-- EXERCISE PROMPT --
Take the entries below and print, exactly, the stretch from the line containing "Terénne auto s" through the line containing "3일자 <디지털타임스>에는 김용균", both included.

-- DATA SECTION --
*****

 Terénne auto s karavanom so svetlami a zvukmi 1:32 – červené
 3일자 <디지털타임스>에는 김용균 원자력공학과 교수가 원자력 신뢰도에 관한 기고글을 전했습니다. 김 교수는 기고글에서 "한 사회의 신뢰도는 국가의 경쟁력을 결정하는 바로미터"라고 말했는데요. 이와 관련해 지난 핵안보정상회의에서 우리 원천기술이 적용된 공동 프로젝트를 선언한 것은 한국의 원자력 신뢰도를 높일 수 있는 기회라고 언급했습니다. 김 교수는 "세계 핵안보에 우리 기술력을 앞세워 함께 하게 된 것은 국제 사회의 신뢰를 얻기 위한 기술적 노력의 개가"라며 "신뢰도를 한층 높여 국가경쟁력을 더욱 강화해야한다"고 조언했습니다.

*****

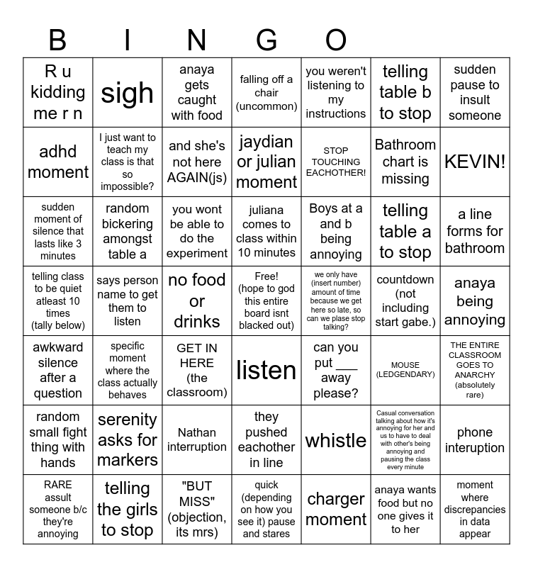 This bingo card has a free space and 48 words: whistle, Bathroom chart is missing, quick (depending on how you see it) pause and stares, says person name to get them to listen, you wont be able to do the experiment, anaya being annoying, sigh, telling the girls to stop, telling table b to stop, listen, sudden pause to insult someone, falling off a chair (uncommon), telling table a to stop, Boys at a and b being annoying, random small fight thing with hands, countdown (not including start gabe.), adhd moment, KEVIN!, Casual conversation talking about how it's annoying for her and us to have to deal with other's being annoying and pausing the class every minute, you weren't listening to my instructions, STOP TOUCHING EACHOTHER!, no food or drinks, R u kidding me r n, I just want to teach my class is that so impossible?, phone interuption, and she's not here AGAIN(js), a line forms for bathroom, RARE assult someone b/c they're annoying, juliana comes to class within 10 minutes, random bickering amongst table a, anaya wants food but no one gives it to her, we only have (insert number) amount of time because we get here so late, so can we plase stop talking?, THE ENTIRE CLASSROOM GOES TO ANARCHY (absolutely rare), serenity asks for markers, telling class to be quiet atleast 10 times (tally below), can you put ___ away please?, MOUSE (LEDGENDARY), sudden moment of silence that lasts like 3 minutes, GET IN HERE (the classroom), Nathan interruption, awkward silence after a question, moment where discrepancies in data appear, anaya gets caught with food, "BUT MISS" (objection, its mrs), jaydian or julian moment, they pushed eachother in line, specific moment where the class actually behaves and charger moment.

*****

-- PROBLEM SOLUTION --
 Terénne auto s karavanom so svetlami a zvukmi 1:32 – červené
 3일자 <디지털타임스>에는 김용균 원자력공학과 교수가 원자력 신뢰도에 관한 기고글을 전했습니다. 김 교수는 기고글에서 "한 사회의 신뢰도는 국가의 경쟁력을 결정하는 바로미터"라고 말했는데요. 이와 관련해 지난 핵안보정상회의에서 우리 원천기술이 적용된 공동 프로젝트를 선언한 것은 한국의 원자력 신뢰도를 높일 수 있는 기회라고 언급했습니다. 김 교수는 "세계 핵안보에 우리 기술력을 앞세워 함께 하게 된 것은 국제 사회의 신뢰를 얻기 위한 기술적 노력의 개가"라며 "신뢰도를 한층 높여 국가경쟁력을 더욱 강화해야한다"고 조언했습니다.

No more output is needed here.